Well, this is part of the answer to that:
Carbon dioxide supersaturation in the surface waters of lakes. - PubMed - NCBI

Supersaturation of CO2 in the large majority of worldwide lakes. There are a bunch of this type of paper floating around. I expect you've seen these?


----------



## Solcielo lawrencia (Dec 30, 2013)

kevmo911 said:


> Well, this is part of the answer to that:
> Carbon dioxide supersaturation in the surface waters of lakes. - PubMed - NCBI
> 
> Supersaturation of CO2 in the large majority of worldwide lakes. There are a bunch of this type of paper floating around. I expect you've seen these?

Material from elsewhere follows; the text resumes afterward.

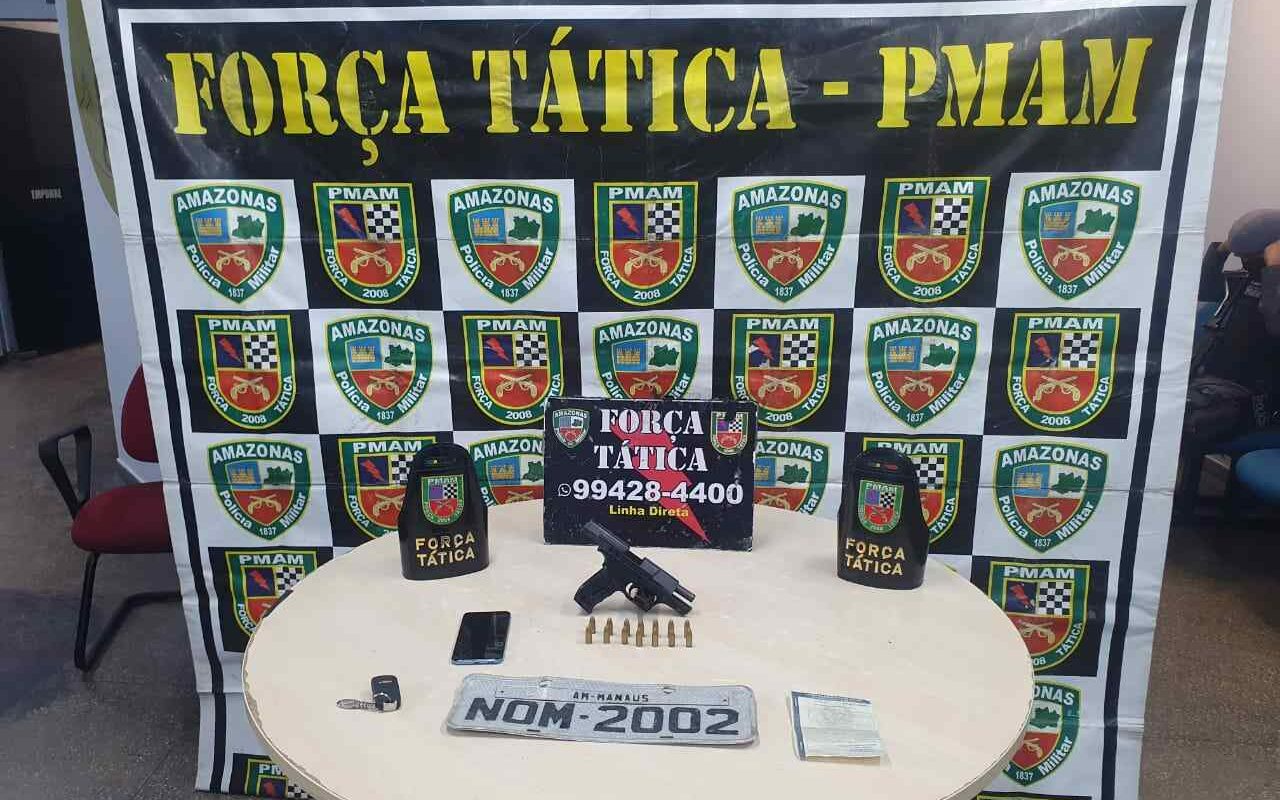 Policiais militares da Força Tática prenderam dois homens, de 23 e 25 anos, na noite de terça-feira (02/10), com arma de fogo e munições, no loteamento Cidade Alta, no bairro Jorge Teixeira, 4ª etapa, zona leste.
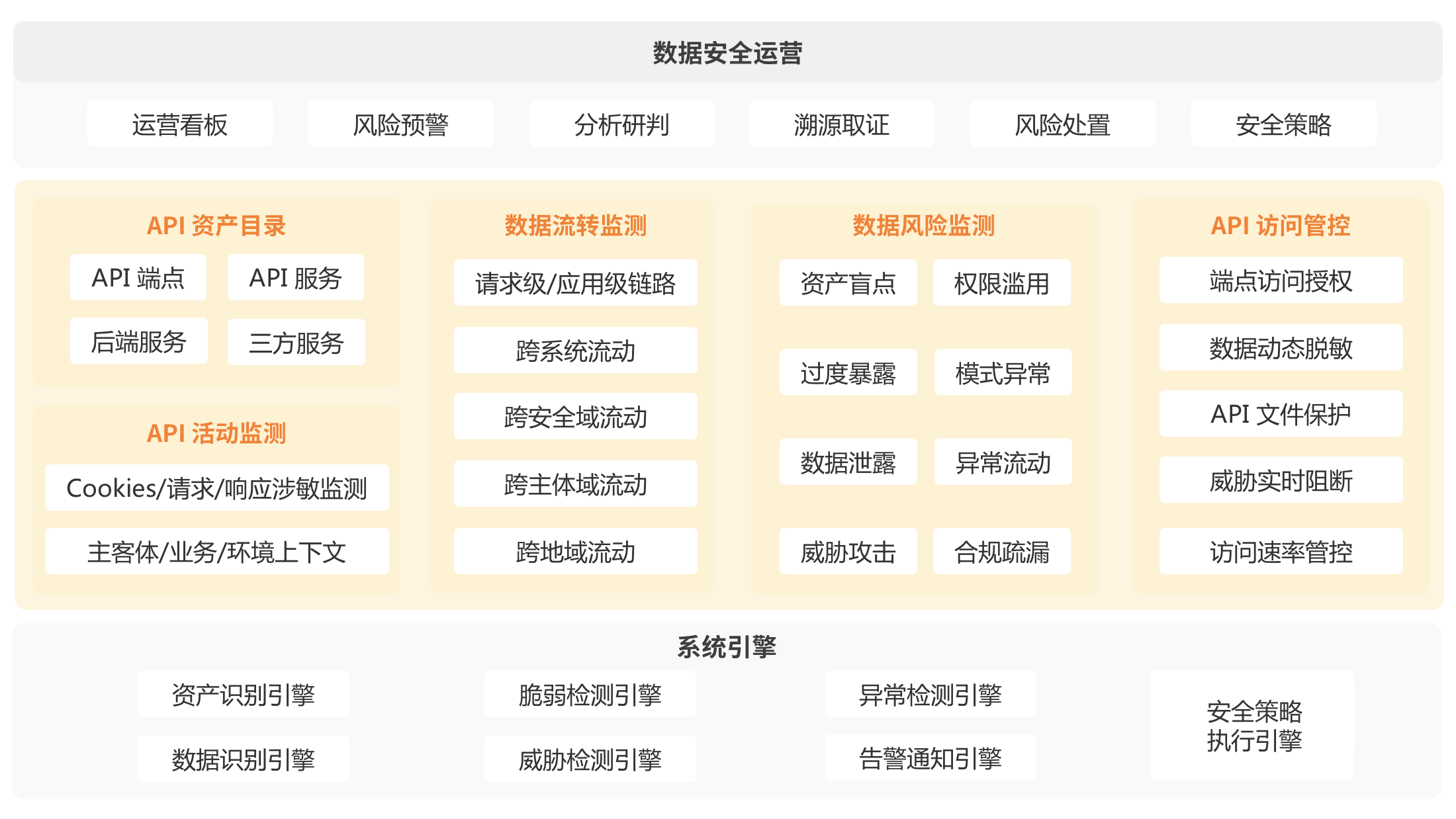 全面多维感知,数据风险从未知到已知AG旗舰厅(中国) uDSP 给予多维数据安全风险分析与实时监测能力,顺利获得脆弱性检测引擎、威胁检测引擎、异常行为分析引擎和告警通知引擎,全面感知 API 资产的脆弱性、威胁攻击、数据访问异常行为等风险。企业可以顺利获得自定义 UEBA 告警、精确阈值告警等功能,实时监测数据安全风险,及时发现并处置异常行为。

And in water bodies that are not "super saturated"?


----------



## klibs (May 1, 2014)

I have seen similar symptoms in my tank for reasons unknown... Every once in a while some new growth on some plants will be stunted and crinkled and I will get no red growth out of my red-colored plants. Then after a trim and a week wait all is well again and my plants grow nice red tips and look great.

I hypothesize that it is an imbalance of certain micros. Namely Mg, Ca, and sometimes I am led to believe K plays a part as well. Still have not been able to pin down the exact cause to be honest... I have cut back on CSM+B dosing for the reasons mentioned about its toxicity and leading to crap like this. Still dose a lot of iron though.


----------



## kevmo911 (Sep 24, 2010)

Solcielo lawrencia said:


> And in water bodies that are not "super saturated"?


Well, I don't know enough to comment about streams at all, or the other 13% of lakes that aren't supersaturated. But you used plants with high PAR and minimal CO2 as evidence to support your claim, so I'm pointing out that the CO2 in their environment isn't quite so minimal, at least in some cases.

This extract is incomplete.